• **Source records**:

.....

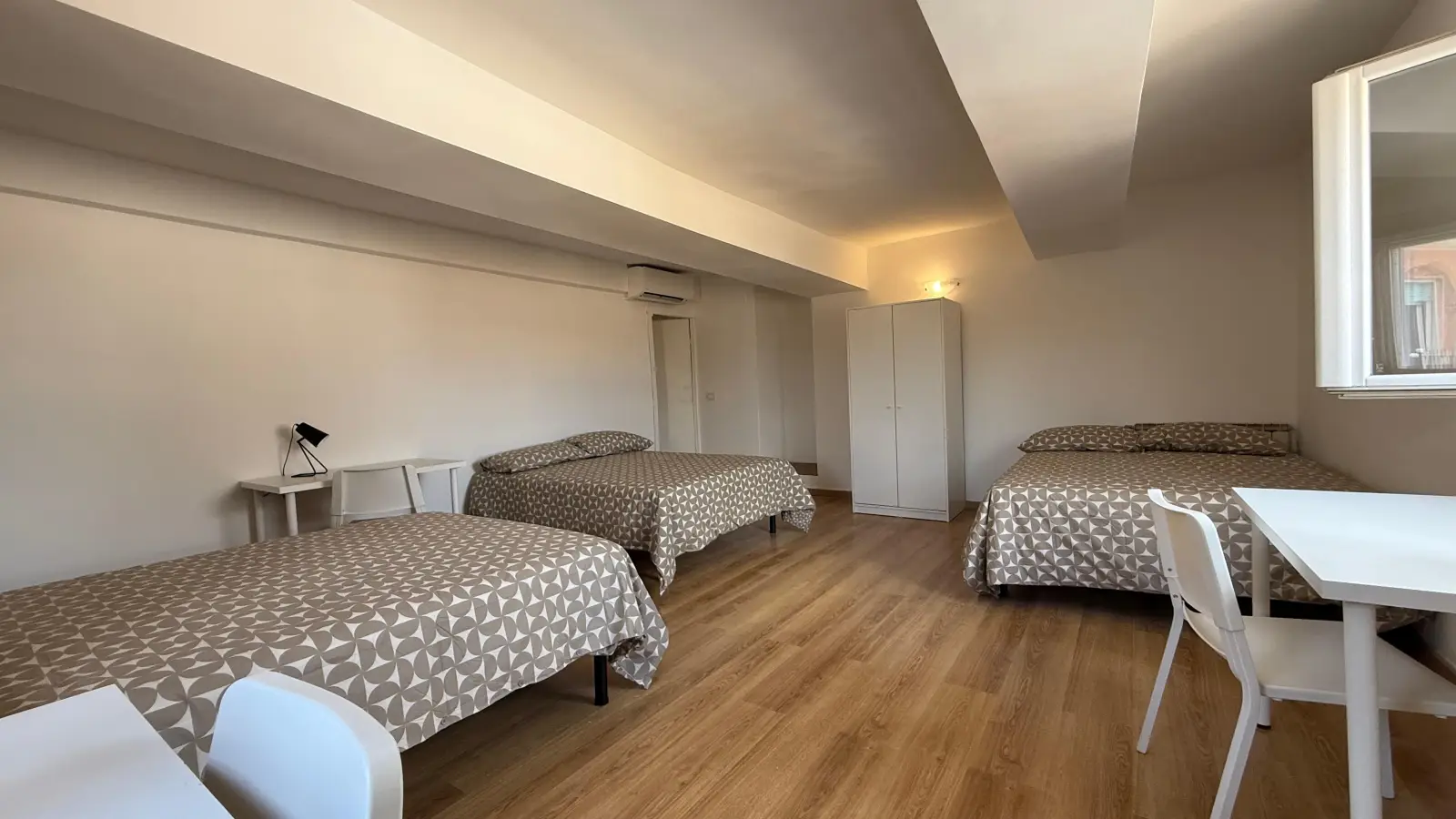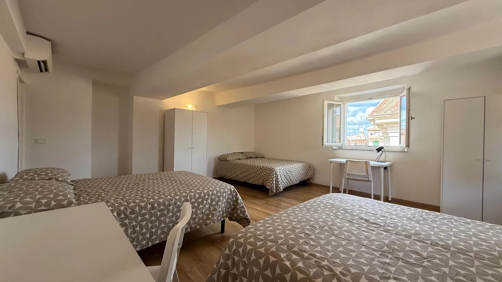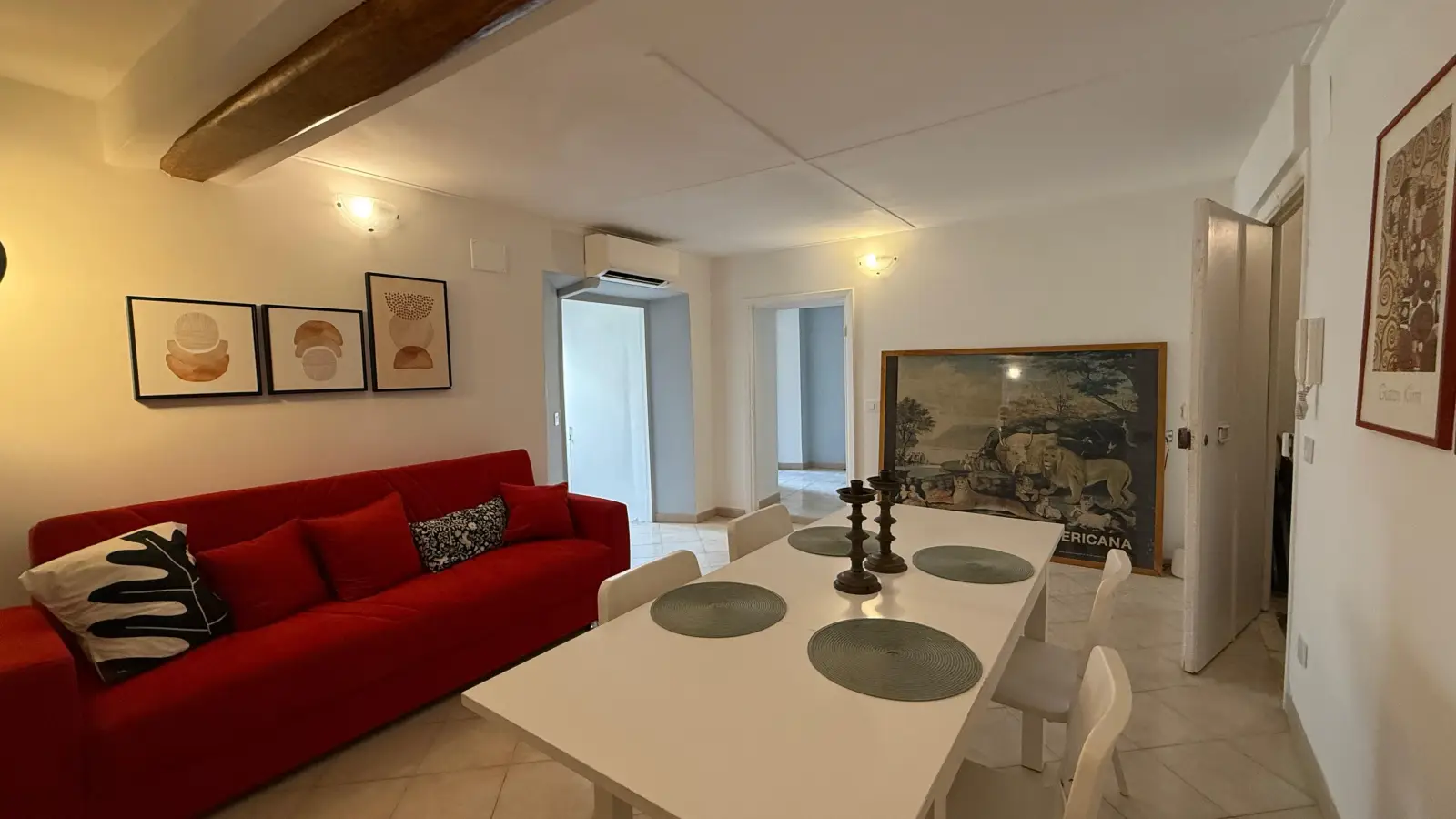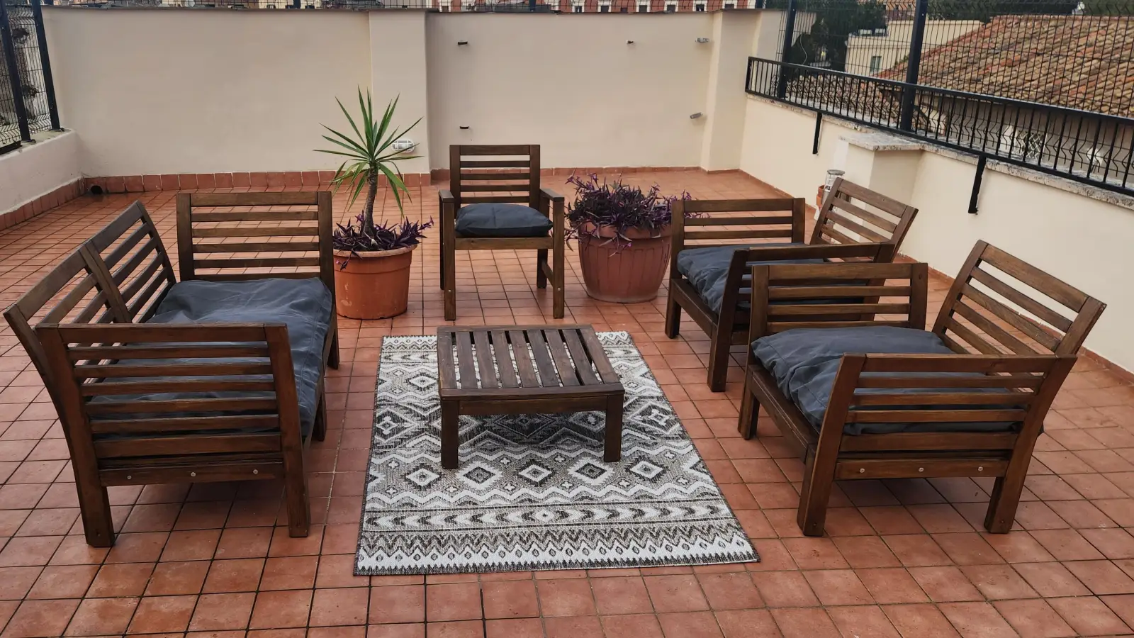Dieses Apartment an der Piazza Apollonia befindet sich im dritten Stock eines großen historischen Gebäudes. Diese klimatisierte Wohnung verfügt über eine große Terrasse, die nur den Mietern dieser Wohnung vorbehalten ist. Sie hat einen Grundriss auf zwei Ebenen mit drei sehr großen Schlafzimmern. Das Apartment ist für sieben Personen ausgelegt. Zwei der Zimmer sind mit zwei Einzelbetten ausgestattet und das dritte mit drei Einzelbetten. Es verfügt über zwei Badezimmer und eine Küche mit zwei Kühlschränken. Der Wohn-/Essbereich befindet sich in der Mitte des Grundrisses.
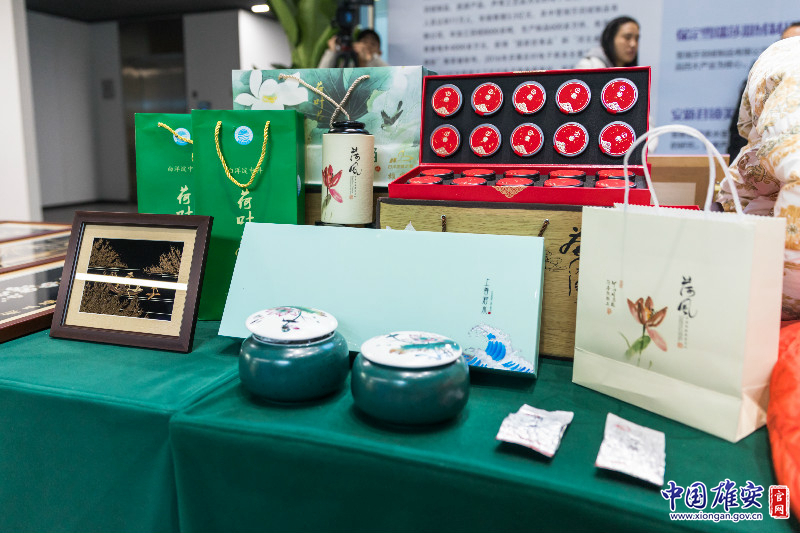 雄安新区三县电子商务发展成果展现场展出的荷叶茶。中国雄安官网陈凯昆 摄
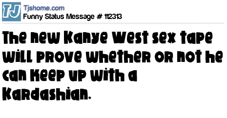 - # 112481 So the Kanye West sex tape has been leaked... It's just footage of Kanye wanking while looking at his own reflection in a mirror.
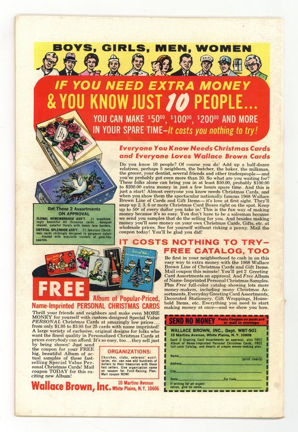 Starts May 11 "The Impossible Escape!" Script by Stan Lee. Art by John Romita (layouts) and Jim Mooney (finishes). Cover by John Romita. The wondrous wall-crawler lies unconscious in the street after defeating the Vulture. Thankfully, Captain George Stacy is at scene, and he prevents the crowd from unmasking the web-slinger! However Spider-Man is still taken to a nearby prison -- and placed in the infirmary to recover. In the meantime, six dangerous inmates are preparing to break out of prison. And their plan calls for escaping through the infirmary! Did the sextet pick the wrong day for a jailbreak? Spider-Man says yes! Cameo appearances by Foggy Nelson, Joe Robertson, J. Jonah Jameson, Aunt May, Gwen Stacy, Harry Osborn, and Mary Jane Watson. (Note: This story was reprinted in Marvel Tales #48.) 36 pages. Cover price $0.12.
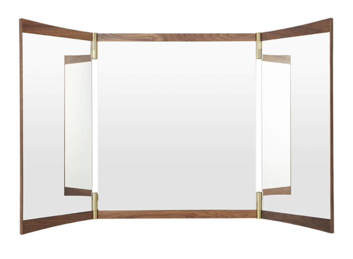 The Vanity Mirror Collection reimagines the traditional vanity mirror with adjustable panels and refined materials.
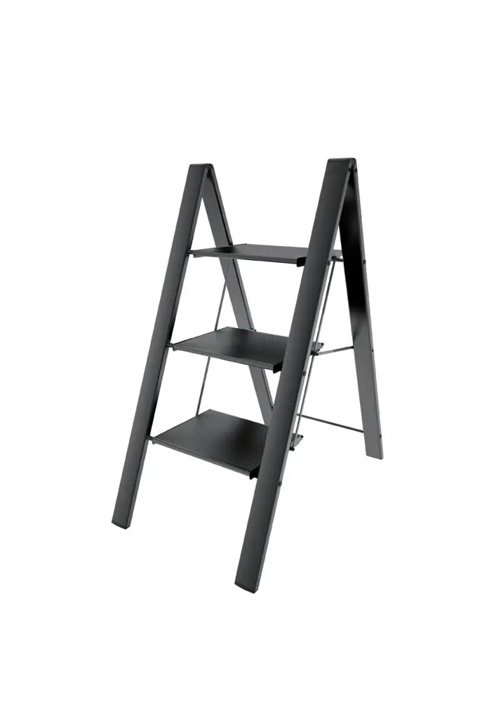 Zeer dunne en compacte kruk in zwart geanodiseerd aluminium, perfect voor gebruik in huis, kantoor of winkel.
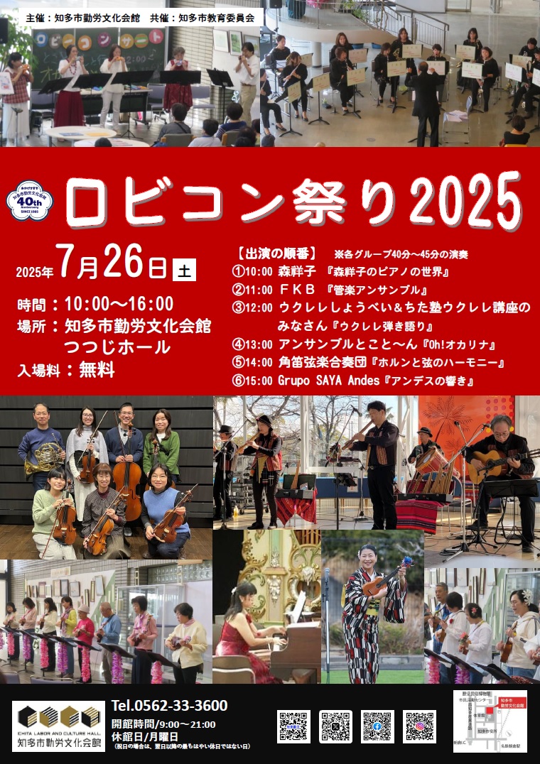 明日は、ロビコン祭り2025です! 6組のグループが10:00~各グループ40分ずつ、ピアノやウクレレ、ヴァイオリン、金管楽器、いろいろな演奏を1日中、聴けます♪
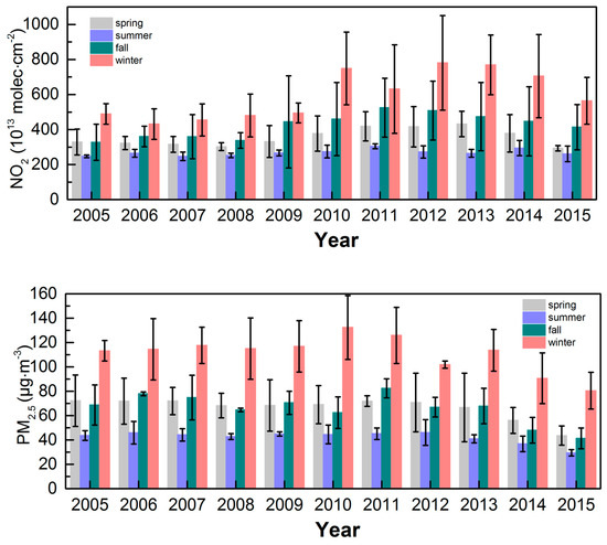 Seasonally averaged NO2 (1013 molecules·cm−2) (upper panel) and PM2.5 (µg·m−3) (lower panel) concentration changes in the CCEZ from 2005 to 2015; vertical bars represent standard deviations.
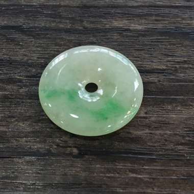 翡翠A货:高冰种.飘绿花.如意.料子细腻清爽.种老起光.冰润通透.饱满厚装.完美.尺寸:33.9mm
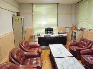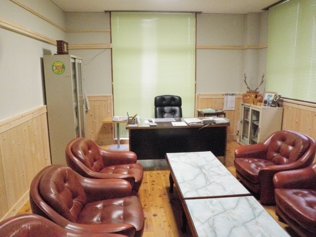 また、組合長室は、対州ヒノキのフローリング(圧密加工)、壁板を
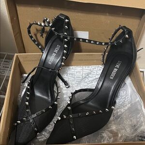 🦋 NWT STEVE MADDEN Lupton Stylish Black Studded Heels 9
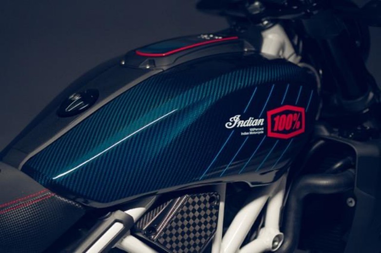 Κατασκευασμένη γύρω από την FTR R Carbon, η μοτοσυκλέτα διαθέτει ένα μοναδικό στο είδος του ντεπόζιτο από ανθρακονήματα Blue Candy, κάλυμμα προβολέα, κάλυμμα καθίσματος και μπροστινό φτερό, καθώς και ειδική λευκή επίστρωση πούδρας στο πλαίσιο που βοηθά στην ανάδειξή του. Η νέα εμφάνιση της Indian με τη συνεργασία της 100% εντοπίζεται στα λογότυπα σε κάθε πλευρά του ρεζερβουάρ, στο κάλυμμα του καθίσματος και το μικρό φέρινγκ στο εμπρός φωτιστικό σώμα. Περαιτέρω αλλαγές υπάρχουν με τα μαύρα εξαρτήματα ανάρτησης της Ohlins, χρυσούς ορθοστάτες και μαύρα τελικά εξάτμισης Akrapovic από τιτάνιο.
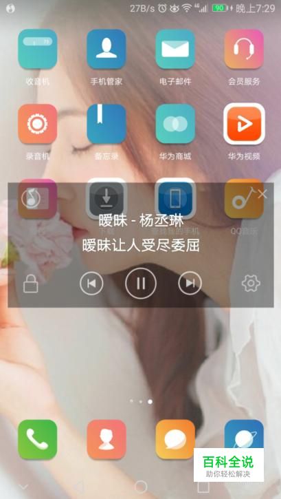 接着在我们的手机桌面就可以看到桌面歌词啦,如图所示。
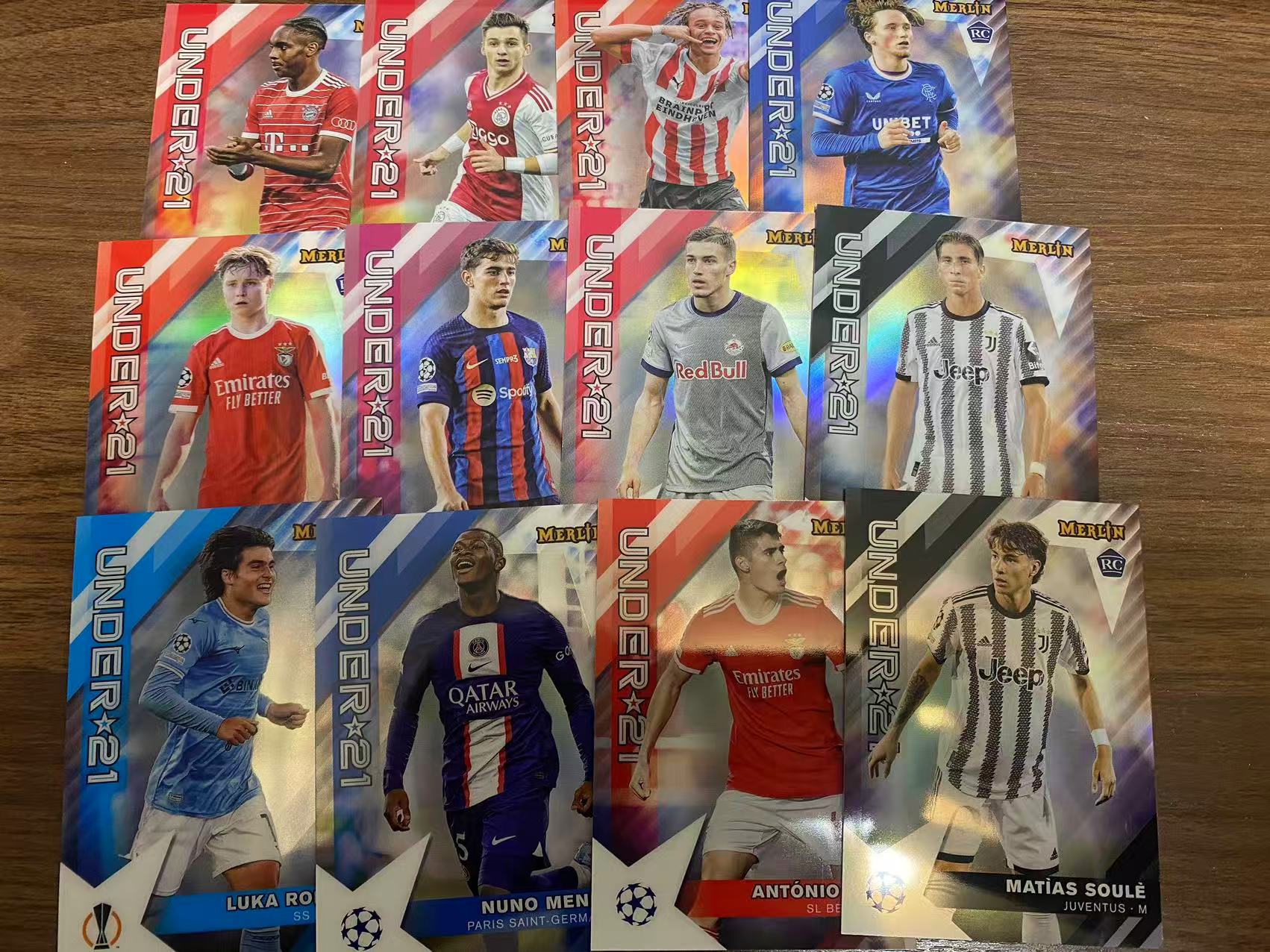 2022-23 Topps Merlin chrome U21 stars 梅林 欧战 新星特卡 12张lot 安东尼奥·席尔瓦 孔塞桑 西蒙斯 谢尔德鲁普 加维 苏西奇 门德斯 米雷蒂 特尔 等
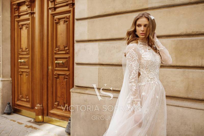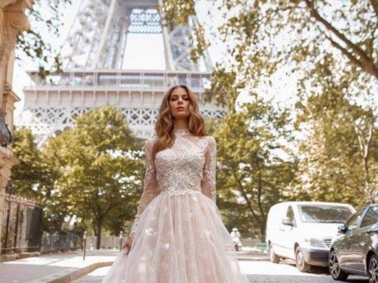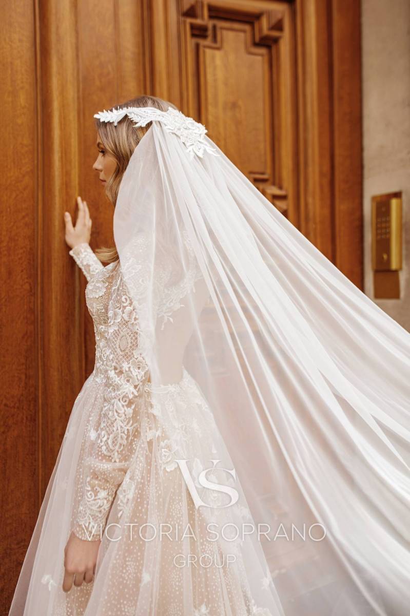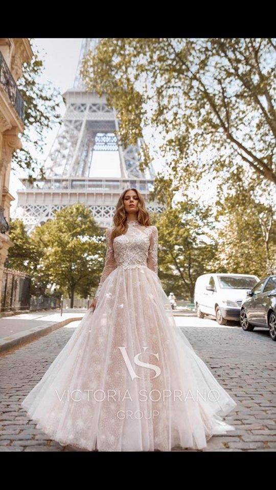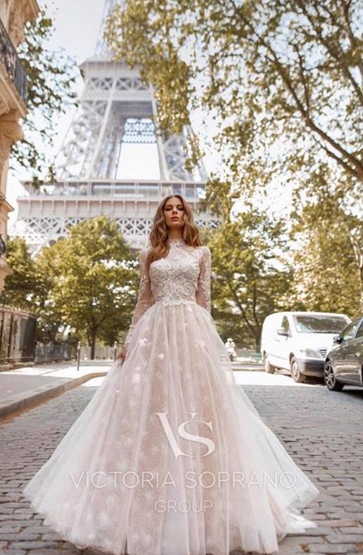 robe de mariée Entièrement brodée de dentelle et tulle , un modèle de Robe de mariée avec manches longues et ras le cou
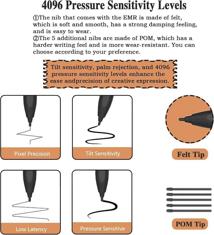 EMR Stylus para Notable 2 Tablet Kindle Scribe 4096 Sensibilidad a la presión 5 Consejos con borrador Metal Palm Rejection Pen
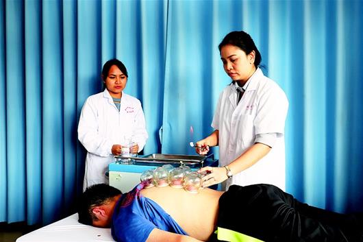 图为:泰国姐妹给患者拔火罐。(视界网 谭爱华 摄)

.....

• **Task description**: Repeat the records above exactly, leaving out the pictures.

• **Response to this exercise**:
Dieses Apartment an der Piazza Apollonia befindet sich im dritten Stock eines großen historischen Gebäudes. Diese klimatisierte Wohnung verfügt über eine große Terrasse, die nur den Mietern dieser Wohnung vorbehalten ist. Sie hat einen Grundriss auf zwei Ebenen mit drei sehr großen Schlafzimmern. Das Apartment ist für sieben Personen ausgelegt. Zwei der Zimmer sind mit zwei Einzelbetten ausgestattet und das dritte mit drei Einzelbetten. Es verfügt über zwei Badezimmer und eine Küche mit zwei Kühlschränken. Der Wohn-/Essbereich befindet sich in der Mitte des Grundrisses.
 雄安新区三县电子商务发展成果展现场展出的荷叶茶。中国雄安官网陈凯昆 摄
 - # 112481 So the Kanye West sex tape has been leaked... It's just footage of Kanye wanking while looking at his own reflection in a mirror.
 Starts May 11 "The Impossible Escape!" Script by Stan Lee. Art by John Romita (layouts) and Jim Mooney (finishes). Cover by John Romita. The wondrous wall-crawler lies unconscious in the street after defeating the Vulture. Thankfully, Captain George Stacy is at scene, and he prevents the crowd from unmasking the web-slinger! However Spider-Man is still taken to a nearby prison -- and placed in the infirmary to recover. In the meantime, six dangerous inmates are preparing to break out of prison. And their plan calls for escaping through the infirmary! Did the sextet pick the wrong day for a jailbreak? Spider-Man says yes! Cameo appearances by Foggy Nelson, Joe Robertson, J. Jonah Jameson, Aunt May, Gwen Stacy, Harry Osborn, and Mary Jane Watson. (Note: This story was reprinted in Marvel Tales #48.) 36 pages. Cover price $0.12.
 The Vanity Mirror Collection reimagines the traditional vanity mirror with adjustable panels and refined materials.
 Zeer dunne en compacte kruk in zwart geanodiseerd aluminium, perfect voor gebruik in huis, kantoor of winkel.
 明日は、ロビコン祭り2025です! 6組のグループが10:00~各グループ40分ずつ、ピアノやウクレレ、ヴァイオリン、金管楽器、いろいろな演奏を1日中、聴けます♪
 Seasonally averaged NO2 (1013 molecules·cm−2) (upper panel) and PM2.5 (µg·m−3) (lower panel) concentration changes in the CCEZ from 2005 to 2015; vertical bars represent standard deviations.
 翡翠A货:高冰种.飘绿花.如意.料子细腻清爽.种老起光.冰润通透.饱满厚装.完美.尺寸:33.9mm
 また、組合長室は、対州ヒノキのフローリング(圧密加工)、壁板を
 🦋 NWT STEVE MADDEN Lupton Stylish Black Studded Heels 9
 Κατασκευασμένη γύρω από την FTR R Carbon, η μοτοσυκλέτα διαθέτει ένα μοναδικό στο είδος του ντεπόζιτο από ανθρακονήματα Blue Candy, κάλυμμα προβολέα, κάλυμμα καθίσματος και μπροστινό φτερό, καθώς και ειδική λευκή επίστρωση πούδρας στο πλαίσιο που βοηθά στην ανάδειξή του. Η νέα εμφάνιση της Indian με τη συνεργασία της 100% εντοπίζεται στα λογότυπα σε κάθε πλευρά του ρεζερβουάρ, στο κάλυμμα του καθίσματος και το μικρό φέρινγκ στο εμπρός φωτιστικό σώμα. Περαιτέρω αλλαγές υπάρχουν με τα μαύρα εξαρτήματα ανάρτησης της Ohlins, χρυσούς ορθοστάτες και μαύρα τελικά εξάτμισης Akrapovic από τιτάνιο.
 接着在我们的手机桌面就可以看到桌面歌词啦,如图所示。
 2022-23 Topps Merlin chrome U21 stars 梅林 欧战 新星特卡 12张lot 安东尼奥·席尔瓦 孔塞桑 西蒙斯 谢尔德鲁普 加维 苏西奇 门德斯 米雷蒂 特尔 等
 robe de mariée Entièrement brodée de dentelle et tulle , un modèle de Robe de mariée avec manches longues et ras le cou
 EMR Stylus para Notable 2 Tablet Kindle Scribe 4096 Sensibilidad a la presión 5 Consejos con borrador Metal Palm Rejection Pen
 图为:泰国姐妹给患者拔火罐。(视界网 谭爱华 摄)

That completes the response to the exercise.